Like many repatriated New Orleanians, Lolita Barber has noticed that it's gotten a lot more expensive to live in the New Orleans area than it was before Hurricane Katrina.

While she and her family are fixing their flooded home in eastern New Orleans, they're living in an apartment in Metairie, so they're paying rent while carrying a mortgage note. She's driving her Chevy Blazer twice as much as she used to, at a time when gas is $3 a gallon, and using more mobile phone minutes as she confers with contractors and talks with displaced friends. In addition, the homeowners insurance bill for her house nearly doubled, from $1,071 last year to about $2,000 this year.

"All that stuff, it adds up," said Barber, an operating room medical secretary at the still-shuttered VA Medical Center in New Orleans who has taken a leave of absence from her job to work on their home and a rental property. "I think it's going to affect a lot of people. They were looking at prices before Katrina."

While expenses associated with temporary living situations, such as extra driving or mobile phone use, will fade away as people move home, economists and others studying the recovery say that housing costs and other living expenses will remain elevated for the foreseeable future. That's a big change for New Orleans, which was always one of the least expensive major cities in the country and now has fair market rents on par with Baltimore, Md.; Portsmouth, N.H.; Burlington, Vt.; and Newport, R.I.

"Because so much of the housing stock is going to be replaced, it's likely to become a more expensive city," said Kurt Usowski, associate deputy assistant secretary for economic affairs at the U.S. Department of Housing and Urban Development.

Though much has been made of the signing bonuses at Burger King and high labor rates for contractors, most of those wage gains have been at the lower end of the area's pay scale. Many other New Orleanians who are fortunate enough to still have jobs are unlikely to see raises as their employers struggle to regain their footing. Unless they're earning overtime, they're probably going to feel more squeezed economically as they deal with the new higher cost of living in New Orleans.

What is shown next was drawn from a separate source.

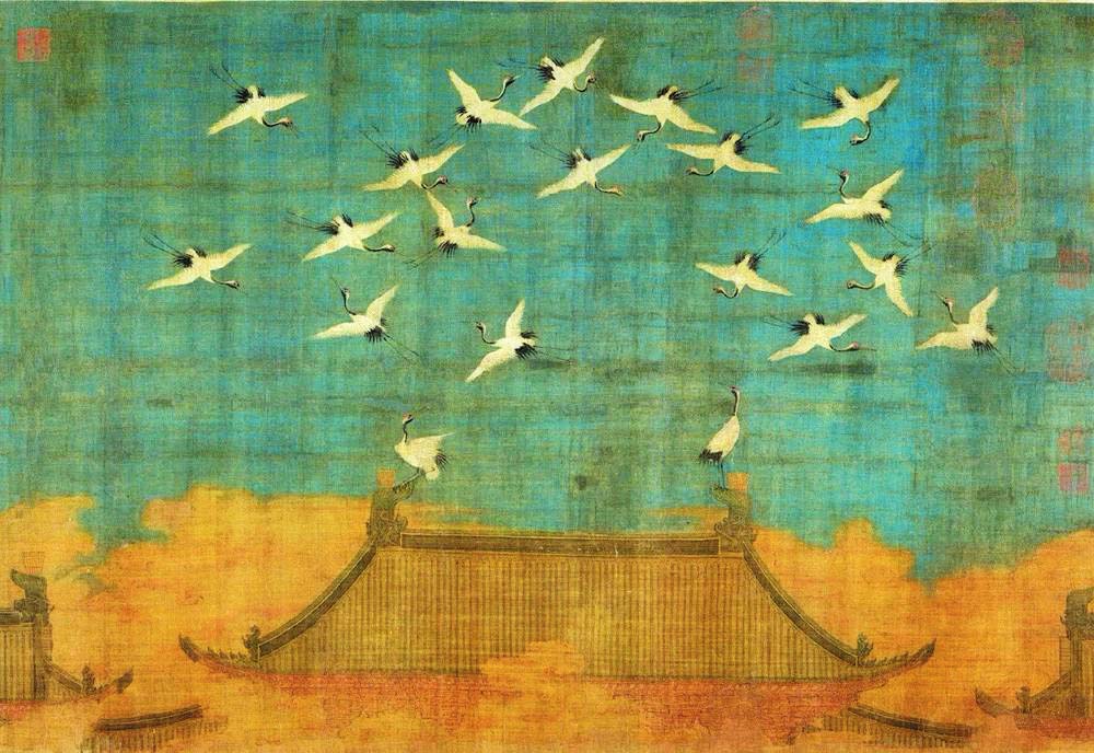 北宋政和二年(1112年)上元節(jié)次夕,天清氣朗,群鶴飛鳴,盤旋于宮殿上空,久久不肯離去。這讓宋徽宗趙佶產(chǎn)生了“仙鶴告瑞”的聯(lián)想,故欣然命筆,將目睹的這一幕繪于絹素之上,一幅千古名作《瑞鶴圖》就此誕生。在題畫詩(shī)中,趙佶以瘦金體記述了事件原委。他在詩(shī)中將群鶴與古籍中提及的祥鸞、赤雁相提并論,還特意強(qiáng)調(diào)了鶴與長(zhǎng)生不老的關(guān)聯(lián),將它們與蓬萊仙山聯(lián)系在一起,指出其壽命能夠長(zhǎng)達(dá)千年。雖然趙佶的祥瑞之愿難免落空,但鶴確實(shí)是一種長(zhǎng)壽的動(dòng)物。人工飼養(yǎng)的丹頂鶴能活到七十多歲,這相對(duì)于古人的平均壽命,實(shí)在是很可觀了。

"Not everyone's seeing their wages go up, but we're experiencing higher costs of living," said Janet Speyrer, an economist at the University of New Orleans and director of the Division of Business and Economic Research. "The reality is that many people aren't doing well."

"It's an absolute roadblock in terms of the recovery," City Council President Oliver Thomas said.

Getting pricier

While New Orleans is not one of the cities that the federal government uses to calculate the consumer price index, other data support Barber's observations about inflation in the New Orleans area.

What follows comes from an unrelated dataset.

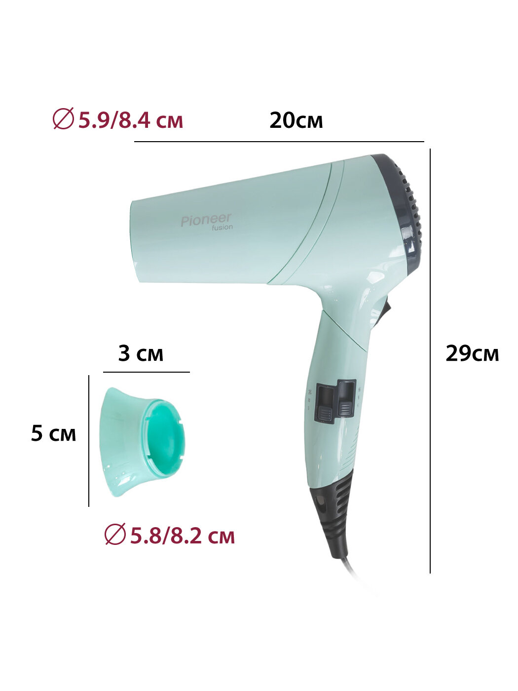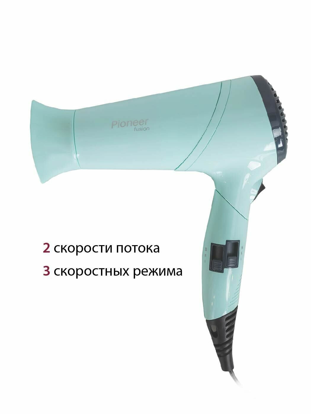 Фен для волос Pioneer HD-2001DC со складной ручкой и насадкой-концентратором, 2 скорости, 3 температурных режима, 2000 Вт, бирюзовый, светло-синий
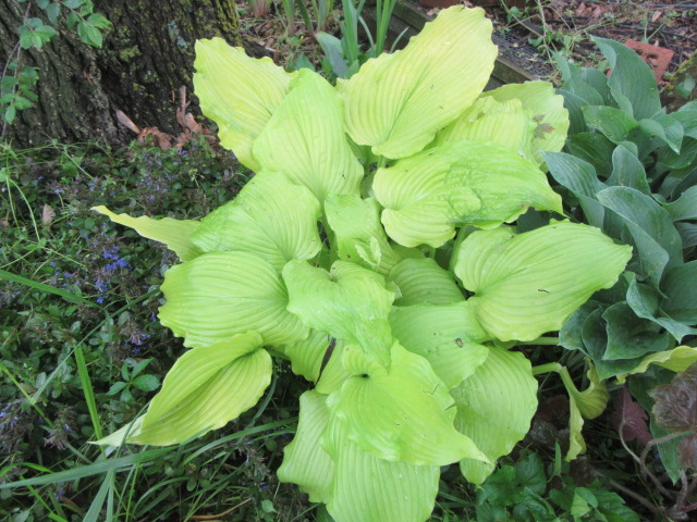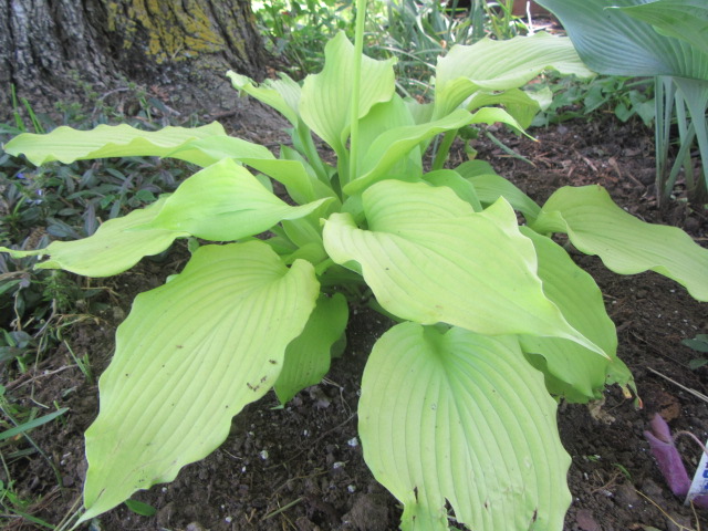 I had dug a spot next to the old goldfish pool and had already moved the Hosta ‘Krossa Regal’ there. This was a great spot for the new Hosta ‘Dancing Queen’. One thing for sure is that it really brightened up the whole area. It is so bright you can see it from far away. Leaves emerge bright yellow and turn pale yellow to green as the season progresses, especially if they are in more shade. This cultivar needs a shadier area, though, as I don’t believe it is that sun tolerant.

Storm victims who need to rent an apartment will find themselves paying 39 percent more than last year, according to the U.S. Department of Housing and Urban Development's estimate of fair market rents. Flood victims who decide to purchase another home in the metropolitan area will pay about 26 percent more than they would have last year for a nonflooded property, according to Real Property Associates, a consulting firm headed by Wade Ragas, former director of the Real Estate Market Data Center at the University of New Orleans. Home prices in many other areas of the country have been stagnant or falling.

Insurance for that new house will cost a bundle: Companies have requested statewide average increases of 12 percent on homeowners insurance, according to the Louisiana Department of Insurance, but that figure masks the reality in the New Orleans area, because many companies have been giving breaks to people in the northern part of the state while socking it to customers south of I-10.

Entergy New Orleans customers have seen their bills increase by 20 percent since July 2005, from $97.74 to $117.94 per 1,000 kilowatt-hours of electricity. A proposed rate increase could push Entergy New Orleans' bills 50 percent higher.

By comparison, customers of Entergy Louisiana saw their bills decrease by 11 percent from July a year ago, and Cleco customers saw their bills increase 5 percent.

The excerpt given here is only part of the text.